I like to think that had someone bellowed at lung limit to Pansear yesterday Stay in for more than three balls and make a hundred run last man stand then he might have at least been inspired to do so.

Nevertheless the chorus of boos has replaced the round of applause at sporting events these days and there is no better example of this than the treatment of Joe Colbeck at Valley Parade. The lad has a few thousand of the worst sort of School game Dad’s berating his every mistake and like a shrinking 12 year old it shows in a lack of confidence.

Booing has replaced cheering because it is easier to do. Destruction has always been easier than creation and recognising the good has always required a little more than pointing to the bad. Especially in situations like City’s were the one so obviously outweighs the other. Of course this is all Thatcher’s fault. The every man for himself model of society clashes with the ethic of team sports as a community representation. Success at all costs, loathing for those without.

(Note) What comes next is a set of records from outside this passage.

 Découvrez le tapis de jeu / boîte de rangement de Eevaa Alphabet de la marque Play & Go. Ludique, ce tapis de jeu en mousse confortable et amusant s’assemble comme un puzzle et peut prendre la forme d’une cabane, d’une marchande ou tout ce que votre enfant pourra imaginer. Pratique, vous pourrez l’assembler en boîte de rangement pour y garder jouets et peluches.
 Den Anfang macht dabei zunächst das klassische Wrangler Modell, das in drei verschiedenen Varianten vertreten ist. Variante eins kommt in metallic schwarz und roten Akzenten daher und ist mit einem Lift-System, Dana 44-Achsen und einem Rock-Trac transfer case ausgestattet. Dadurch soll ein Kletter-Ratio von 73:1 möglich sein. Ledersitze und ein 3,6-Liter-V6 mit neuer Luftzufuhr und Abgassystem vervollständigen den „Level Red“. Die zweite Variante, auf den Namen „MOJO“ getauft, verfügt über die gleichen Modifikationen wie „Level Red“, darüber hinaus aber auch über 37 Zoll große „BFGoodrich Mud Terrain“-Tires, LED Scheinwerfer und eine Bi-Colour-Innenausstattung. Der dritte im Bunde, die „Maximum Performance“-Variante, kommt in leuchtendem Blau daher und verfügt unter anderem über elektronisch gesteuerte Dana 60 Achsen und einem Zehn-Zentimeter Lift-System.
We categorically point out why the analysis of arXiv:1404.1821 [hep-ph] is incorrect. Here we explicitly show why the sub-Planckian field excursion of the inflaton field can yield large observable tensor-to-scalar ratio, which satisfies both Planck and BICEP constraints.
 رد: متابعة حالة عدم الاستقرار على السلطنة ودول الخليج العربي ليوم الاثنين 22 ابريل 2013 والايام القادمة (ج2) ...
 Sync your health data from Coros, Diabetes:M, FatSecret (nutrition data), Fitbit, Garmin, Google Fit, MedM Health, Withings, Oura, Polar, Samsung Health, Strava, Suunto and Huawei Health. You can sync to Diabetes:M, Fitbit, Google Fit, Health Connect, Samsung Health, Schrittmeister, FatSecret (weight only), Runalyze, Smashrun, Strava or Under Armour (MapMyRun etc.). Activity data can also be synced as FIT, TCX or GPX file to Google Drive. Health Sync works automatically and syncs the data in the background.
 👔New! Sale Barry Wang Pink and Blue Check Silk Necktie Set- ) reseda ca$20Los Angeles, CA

Realpolitik aside this is hardly a new phenomenon. In the Coliseum Emperors signaled who was to live and who was to die with the famed thumbs up/thumbs down gesture. It is a curio of history that the with the digit pointing upwards signalled that to the delight of the masses the Gladiator in question would be ripped apart and generally killed which while pleasing for the crowd was so what damaging to the fighter’s career.

We use the thumbs up to mean good things – at least The Fonz did – in recognition of how it means that good things would happen. A thumbs down probably saw the Emperor booed so he will have avoided it. As long as the crowd get what they want everyone is probably happy.

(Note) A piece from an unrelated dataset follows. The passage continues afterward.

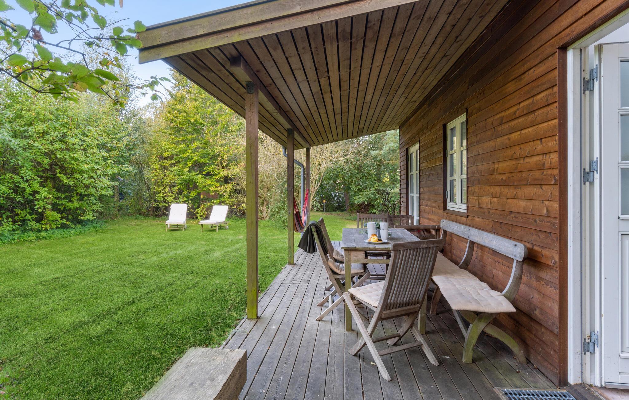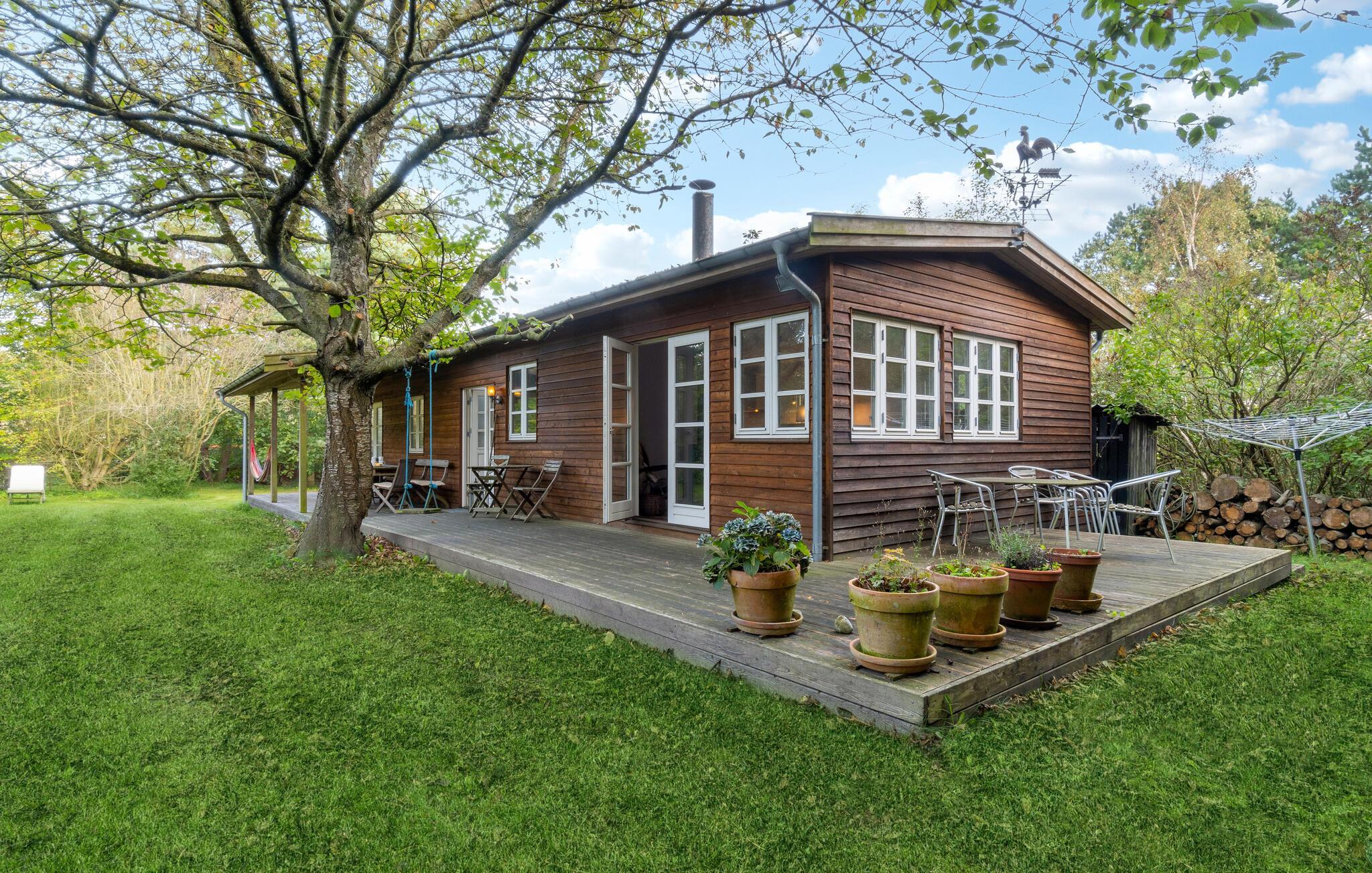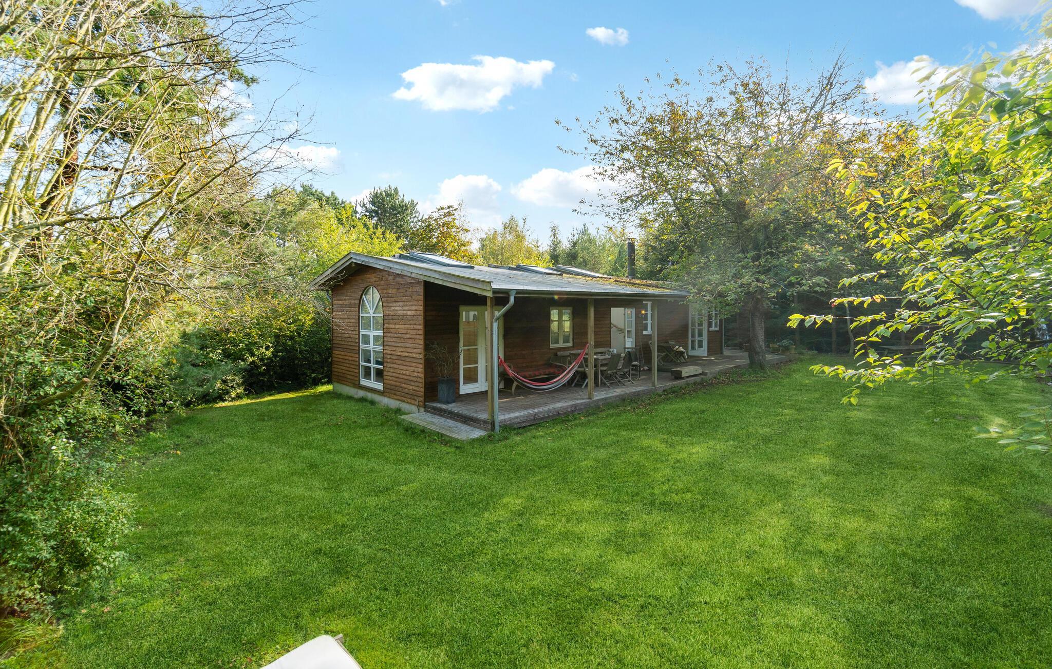 Se frem til en dejlig ferie nær havet i dette feriehus med en skøn have, omkranset af store træer.

None of which brings us round to Valley Parade on Saturday. It has long been the opinion of many that there is a significant section of City fans who enjoy the moan more than the match and the thumbs up of City getting beaten gives them a focus for their week of conversation.

City’s own Julian Rhodes – and Emperor of sorts – said about the weekend all or nothing game with Leyton Orient

“Saturday is not going to be pretty. It’s all about blood, guts and endeavour. But the pleasing thing is that every player is giving it their all. To see the loanees putting in the kind of effort they are has been a joy to watch.

Me, I’m less keen on the sight of someone being ripped limb from limb and old school enough to cheer or say nothing at all. I was brought up on “Skin ‘em Johnny” not skinless Gladiators and I’m happy to stay that way.